In this sense Emmanuel Alloa seeks in fact less to rehabilitate perspectivism than to invite a form of “conflictual multiperspectivism” (p. 251) or the continual friction of different life experiences, forms of construction of worlds, which P Descola notably named the processes of “worlding”, allowing a permanent sharpening of our perceptions and our understandings of life. It is through confrontation with contradictory points of view, with differentiated positions that we can strengthen or enrich our own, and perceive our own specificity, our own limits, our own richness. In this respect, the essay sketches some beginnings about the umwelten of the biologist Jakob von Uexküll: these non-human worlds which only exist through the perceptual equipment of animals, plants and minerals, whose grasp of the world is informed by an entirely different spatio-temporal and sensory relationship, and whose knowledge could overturn our very human definition of reality. This necessary decentering, which we find in work in social anthropology as in the plastic proposals of Robert Smithson, such as Spiral Jetty, Yucatan Mirror Displacement or Gyrostasis – each calling for a decentered, dynamic approach, articulating “nature” and “culture”, questioning the human perspective, or seeking to activate a non-human perspective – skillfully invoked in the last chapters of the book, is at the heart of the project of Alloa: re-envision perspective as a real means of understanding things, not approaching it as a diminished approach, but as the starting point of a permanent dialogue with others.

Political outlook

The great merit of Emmanuel Alloa’s work is to confront and better avoid the trap that a rehabilitation of perspectivism can conceal, namely a certain leniency with regard to “post-truth” and ” alternative facts”; as he avoids the opposite pitfalls, namely the dangers of the illusion of neutral facts. This reflection haunts the book in a diffuse way. How, by advocating the intrinsic quality of particular points of view, can we avoid giving in to total relativism? How can we counter “alternative facts” without giving in to the mirage of fact-checking, of which the search for total objectivity is often only an illusion? By allowing precisely this permanent confrontation of perspectives, which, far from causing a total atomization of the social body, would on the contrary lead to a sharpening of understanding of the world, and perhaps, the evacuation of disastrous and destructive points of view. By recognizing that it is the gaze of the other that constructs me and vice versa, Emmanuel Alloa’s essay raises the hope of a society of trust, where the singularity of points of view is no longer considered. like a defect, but rather as an opportunity to doubt, to look again, perhaps better, undoubtedly differently, in any case never to be satisfied with one’s own singularity. Ultimately, it is by recognizing others’ right to singularity that we will give more credit to our own. As such, it would have been fruitful to couple these reflections with the concept of “minority subjectivity” developed by Didier Éribon, according to which the fact of belonging to a minority allows you to better describe a world that puts you on the margins, and on which you actually have an “outside” look; even to the discipline of the sociology of knowledge of Schutz, Berger and Luckmann, who in other contexts developed parallel reasoning. Perspective sharing is, however, already sufficiently rich on a transdisciplinary level for us to be able to direct this criticism to it.

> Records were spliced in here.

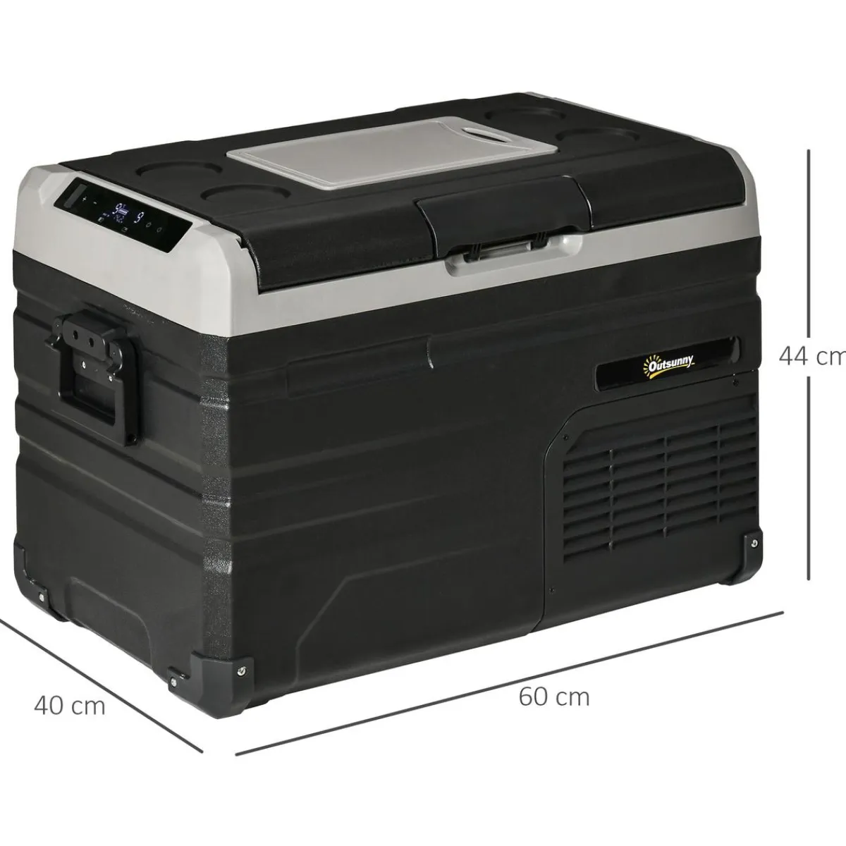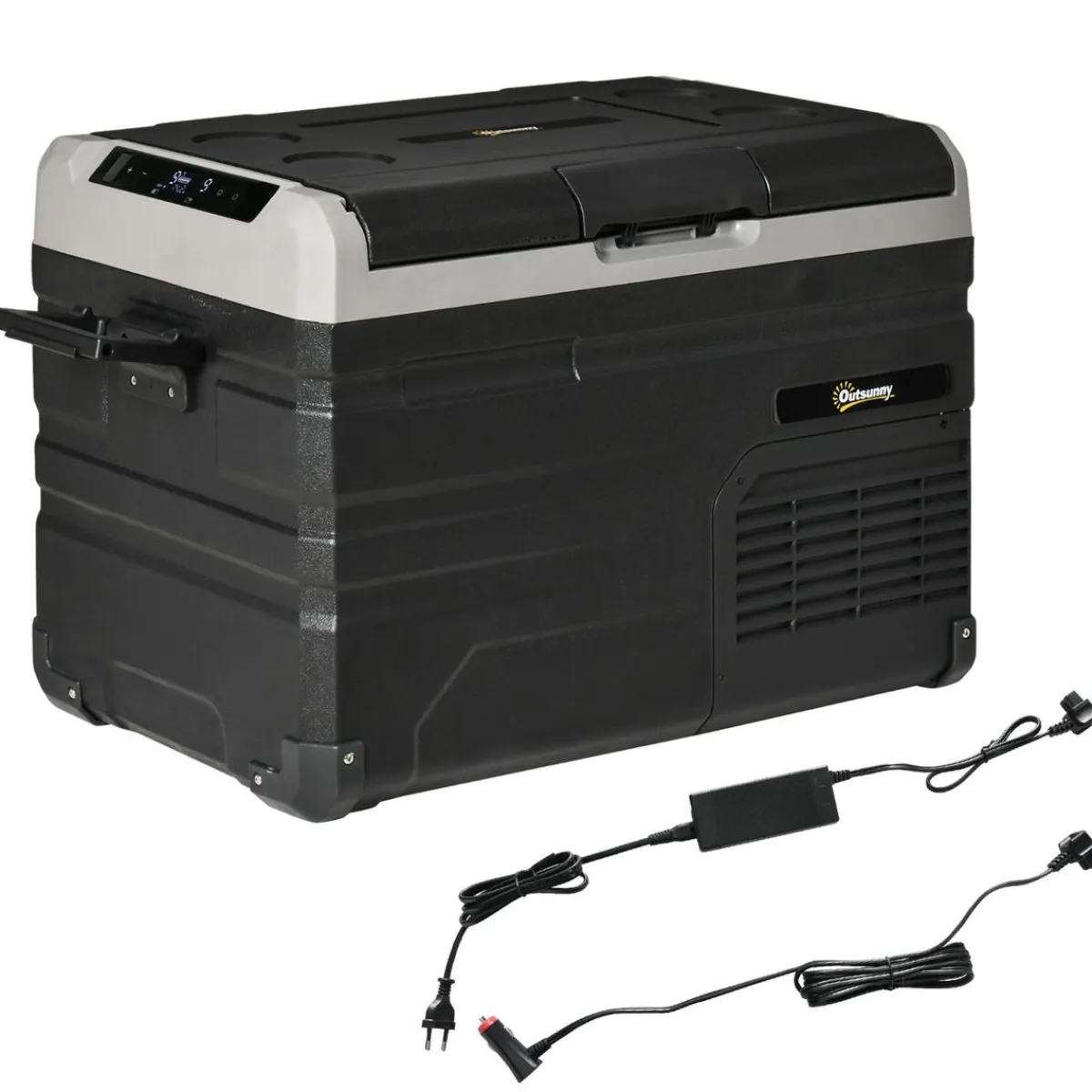 Outsunny – Nevera congelador portatil 35L Negro, al poder ajustar su temperatura mínima hasta -20°C esta nevera portátil, además de enfriar, también permite mantener tus alimentos congelados. Tiene una capacidad de 35 litros dividida en 2 zonas, que te permitirán enfriar o congelar gran variedad de bebidas o alimentos. También incluye una tabla de cortar y un abrebotellas.
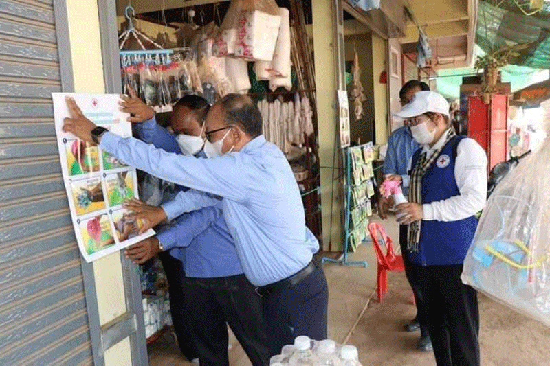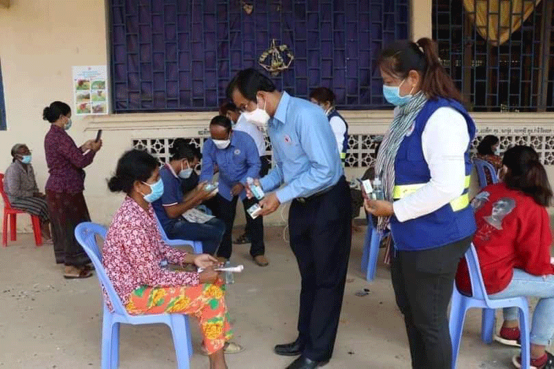 ខេត្តកំពង់ឆ្នាំងៈ ប្រធានគណៈកម្មាធិការសាខា លោកអមសុភា រួមដំណើរដោយ លោក អ៊ូ ជួបកុសល ហិរញ្ញឹកគណៈកម្មាធិការសាខា ឯកឧត្ដមវេជ្ជ. ប្រាក់ វ៉ុន លេខាធិការគណៈកម្មាធិការសាខា នាយកប្រតិបត្តិសាខា អនុសាខា កក្រក ស្រុកបរិបូណ៌ បានចុះធ្វើការអប់រំផ្សព្វផ្សាយអំពីការបង្ការ ទប់ស្កាត់ការរីករាលដាលជំងឺកូវីដ១៩ ដល់ប្រជាពលរដ្ឋនៅ ភូមិមេលំ និងបានបិទរូបភាព ផ្សព្វផ្សាយពីការលាងសម្អាតដៃ នៅក្នុងផ្សារបរិបូណ៌ ស្រុកបរិបូណ៌ ខេត្តកំពង់ឆ្នាំងនៅថ្ងៃទី១ មេសា២០២១ ។មានប្រសាសន៍នៅក្នុងឱកាសនោះ លោក អម សុភា បានមានប្រសាសន៍ថាៈ ដោយមានការយកចិត្តទុកដាក់ពីសម្តេចកិត្តិព្រឹទ្ធបណ្ឌិត ប៊ុន រ៉ានី ហ៊ុនសែន ប្រធានកាកបាទ ក្រហមកម្ពុជា អំពីសុខុមាលភាព និងជីវភាពរស់នៅរបស់ប្រជាពលរដ្ឋ ក្នុងការបង្ការ ការពារជំងឺឆ្លង កូវីដ១៩ នាពេលបច្ចុប្បន្ននេះ គ្រប់សាខា និង អនុសាខា តែងតែបានអនុវត្តតាមការណែនាំ របស់សម្តេចកិត្តិព្រឹទ្ធបណ្ឌិត ប៊ុន រ៉ានី ហ៊ុន សែន ដោយបានបន្តចុះធ្វើយុទ្ធនាការ អប់រំផ្សព្វផ្សាយ ជាប្រចាំ ពីវិធីកាត់បន្ថយហានិភ័យ ពីការឆ្លងជំងឺកូវីដ១៩ ជូនដល់ប្រជាពលរដ្ឋគ្រប់ទីកន្លែង ក្នុងខេត្តកំពង់ឆ្នាំង ដើម្បីឲ្យប្រជាពលរដ្ឋបានយល់កាន់តែច្បាស់អំពីអនាម័យ និង វិធានការនានាក្នុងការថែទាំងសុខភាព ដើម្បីចៀសផុតពីជំងឺកូវីដ១៩ ដែលកំពុងកើតឡើង នៅលើប្រទេសទូទាំងពិភពលោក ក៏ដូចជានៅប្រទេសកម្ពុជាយើងដែរ។លោក អម សុភា បានមានប្រសាសន៍បន្តទៀតថា ជំងឺកូវីដ-១៩ កំពុងរីករាលដាលនៅលើសកលលោក ដែលក្នុងនោះ ប្រទេសកម្ពុជាក៏កំពុងរងគ្រោះផងដែរ។ ដូច្នេះដើម្បីការពារ ទប់ស្កាត់ និងបង្ការការចម្លងជំងឺ នេះបងប្អូនប្រជាពលរដ្ឋទាំងអស់ ត្រូវរក្សាសុខភាព និងរក្សាអនាម័យ និងចូលរួមអនុវត្តតាមការណែ នាំរបស់ក្រសួងសុខាភិបាលនិងអនុវត្តអោយបានតាមអនុសាសន៍របស់សម្តេចតេជោ ហ៊ុន សែន គឺ ៣ការពារ ៣កុំ និង ២ចូលរួម ។ ក្នុងនោះផងដែរ សាខាក៏បានចែកជូននូវសាប៊ូ និងជែល ដល់ប្រជាពលរដ្ឋដែលបានមកចូលរួមចំនួន ១៨នាក់ ក្នុងម្នាក់ទទួលបាន សាប៊ូ ១ដុំ និងជែលសម្រាប់លាងដៃ ១ដបតូច ៕ លោកស្រីសានផល្លា
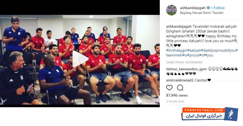 اشکان دژاگه و بازیکنان تیم ملی شعر تولدت مبارک را برای دختر دژاگه خواندند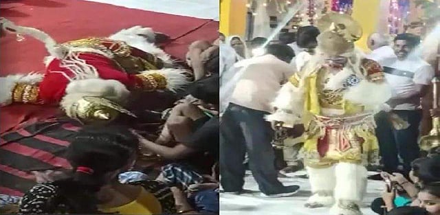 ഹനുമാന്‍ വേഷത്തില്‍ നൃത്തം ചെയ്യുന്നതിനിടെ കുഴഞ്ഞു വീണു; നടന് അരങ്ങില്‍ യാത്രാ മൊഴി (വീഡിയോ)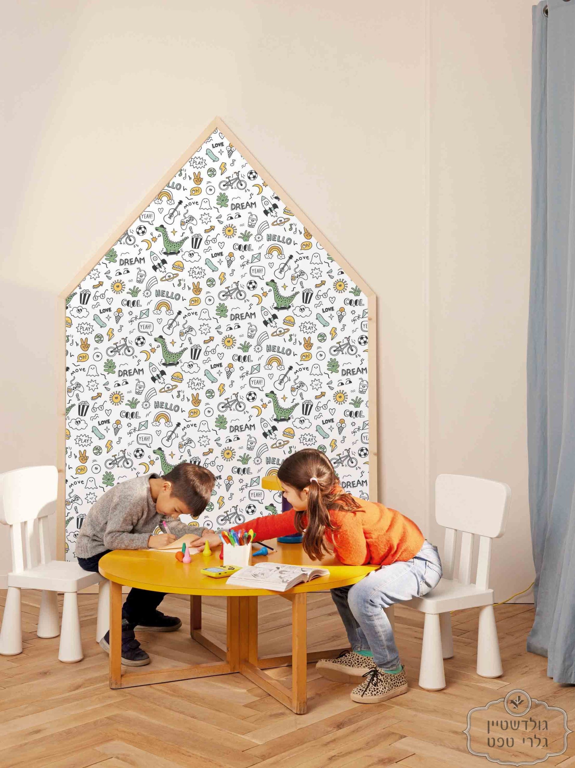 טפט גרפיטי ילדים צבעוני + שחור לבן, אופנים כדורגל גלידה גיטרה דינו וכו,
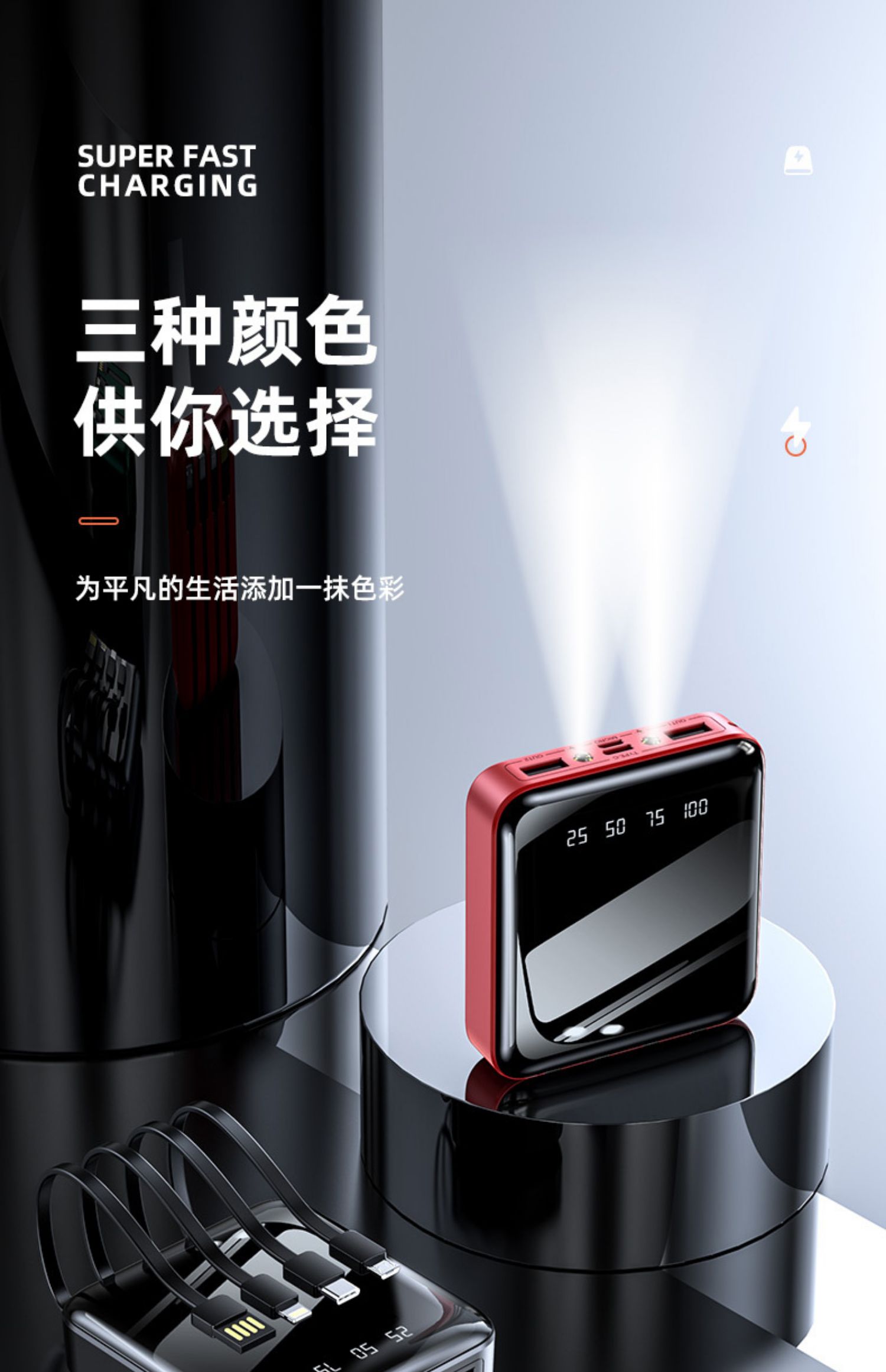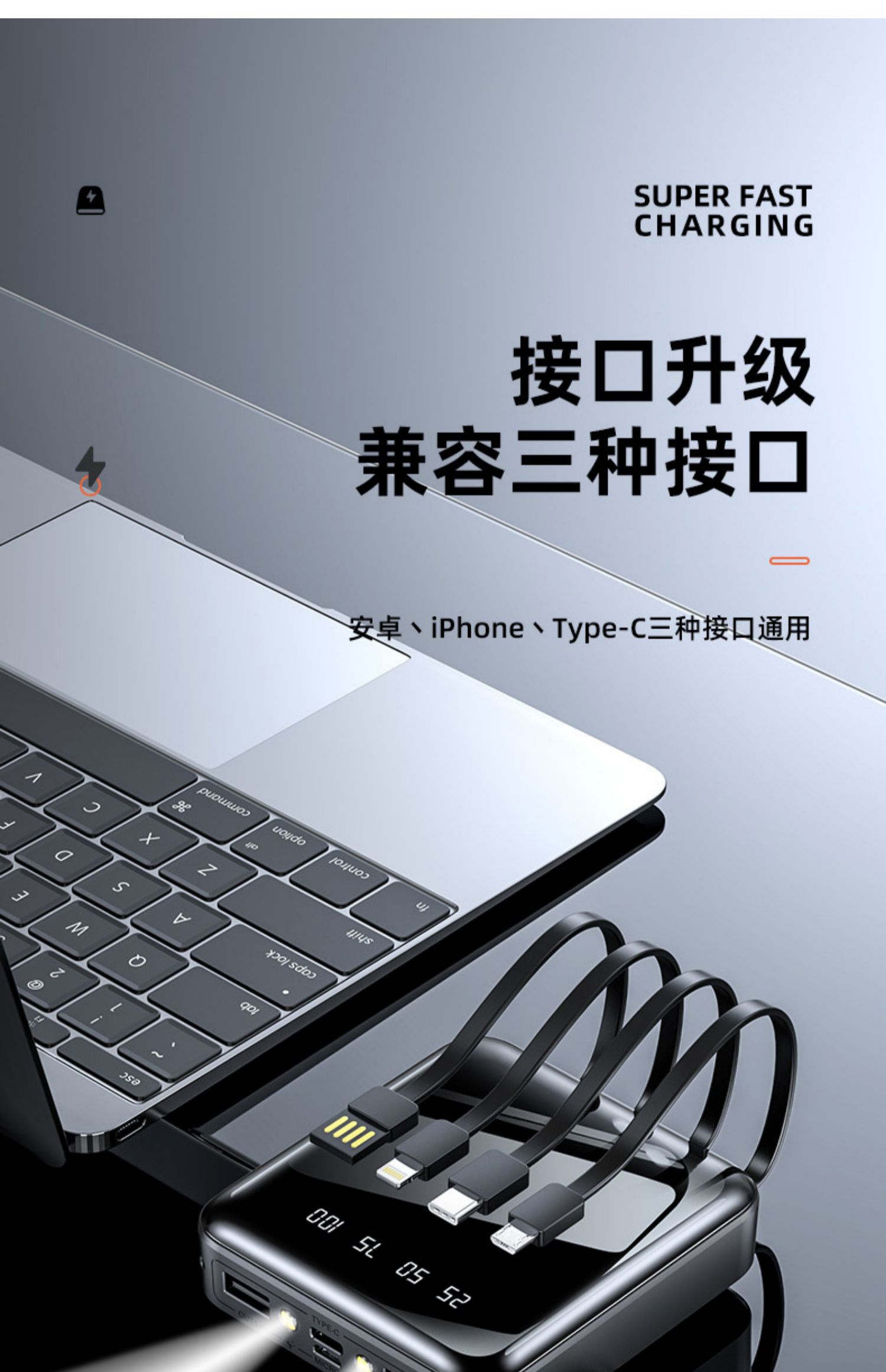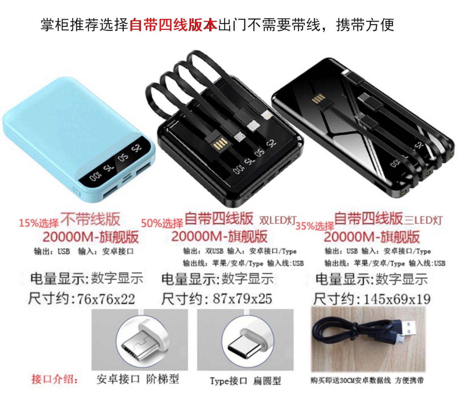 • 商品名称:充电宝20000m超薄小巧便携大容量薄迷你快充手机自带线2万毫安适用华为苹果oppo手机专用1000000M超大量官方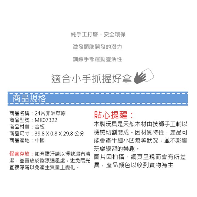 【英國Masterkidz】24片木製拼圖-非洲草原【英國Masterkidz】24片木製拼圖-非洲草原Educational ToysSunnybaby生活館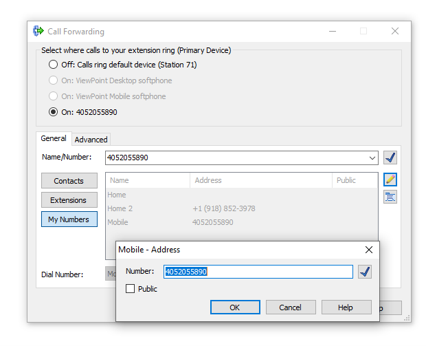 Tip: If you want forwarding to remain active even after logging into ViewPoint again, set up a Call Rule instead of using the Call Forwarding option. Call Rules are server-based and stay active until you disable them. See Setting Up Call Rules for more details.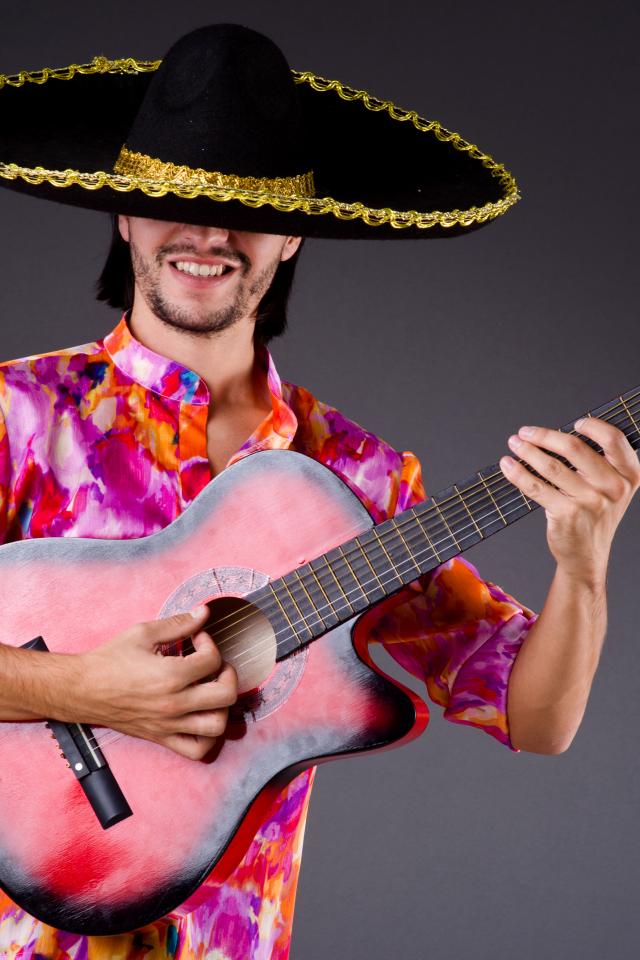 Wallpaper A man in a sombrero with a guitar in his hands on a gray background

Emmanuel Alloa’s “conflictual multiperspectivism” refers to the most beautiful democratic promises, that of arousing respect for the polyphony of existences that make up the worlds. As such, the book can be understood as the political commentary of a society haunted by division, wavering between the sirens of a totalitarian universalism and a perilous relativism. These times of “social distancing” can further isolate our social and intellectual archipelagos, this invitation to share could be a solid avenue for finding the path to the “next world”.